The mechanism of RNA processing, and particularly messenger RNA decay, in the Gram-positive bacterium Bacillus subtilis is the major focus of our laboratory. Previous studies concentrated on an inducibly stable mRNA – the mRNA encoded by the erythromycin-resistance gene, ermC. Numerous derivatives of ermC mRNA have been constructed, and these remain useful tools to probe the mechanism of mRNA decay. We have shown that the 5' end of a message plays an important role in determining mRNA half-life, and are currently looking at specific sites on the mRNA at which decay initiates. Several genes encoding ribonucleases have been cloned, including four genes encoding 3'-to-5' exonucleases and one gene encoding a narrow-specificity endonuclease (called "Bs-RNase III"). In order to understand the function of these exonucleases, we are analyzing decay of endogenous mRNAs in mutant strains lacking one or more of these genes. We are concentrating on small, monocistronic mRNAs, as these are amenable to detailed analysis and likely provide few sights for initiation of decay.
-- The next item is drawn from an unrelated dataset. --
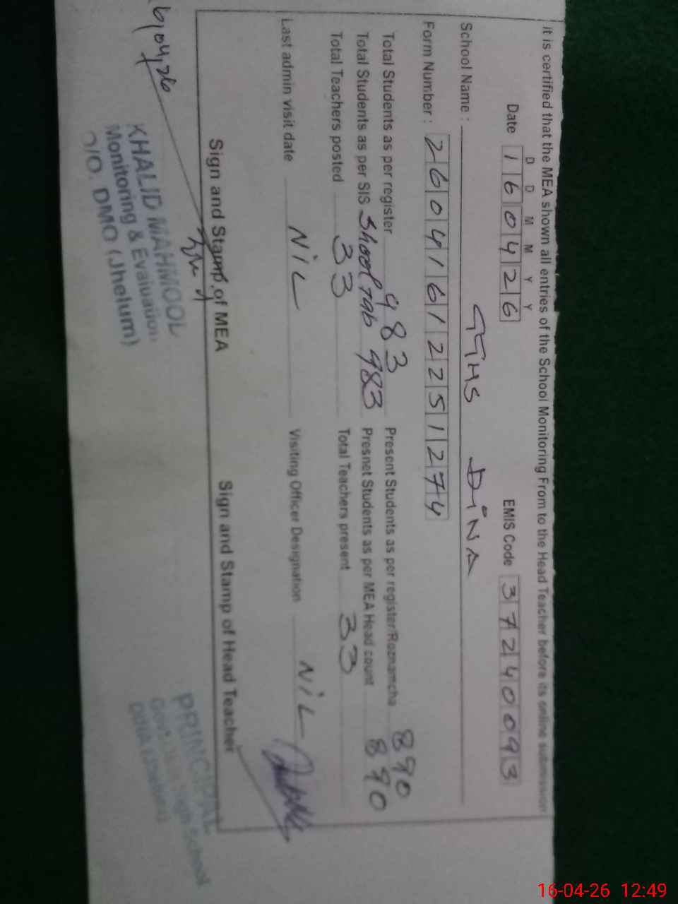 | Certified that this School was Inspected by the Undersigned MEA/DMO Today and the Information Stated Above is as Per Record. | |||||
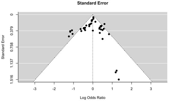 There are no standardized tools to ascertain the risk of bias in MR studies. Thus, to assess the quality of the included studies, we evaluated whether the three assumptions of MR were validated, and the method used for those validations. We constructed funnel plots to assess publication bias under both fixed effects (Figure 9) and mixed effects (Figure 10) meta-regression models when the standard error was used as the predictor. Under both conditions, there was no evidence of publication bias from the test for funnel plot asymmetry. The p-values for fixed and mixed effects (restricted maximum likelihood) were 0.159 and 0.822, respectively. We also constructed funnel plots when the sampling variance, inverse standard error and inverse sampling variance were used as predictor (Figure A1 and Figure A2, Appendix B).

Functional homologues for three of the major players in E. coli mRNA decay – RNase E, RNase II, and oligoribonuclease – have so far not been identified in B. subtilis. A combination of genetic and biochemical approaches is being pursued to identify new B. subtilis genes that are involved in RNA processing. A major goal is to discover the 5'-end-dependent endonuclease that is believed to initiate mRNA decay. Another major goal is to identify other exoribonuclease activities, since a mutant strain missing all four of the currently known exonucleases is viable and clearly contains one or more other 3'-to-5' exonuclease activities.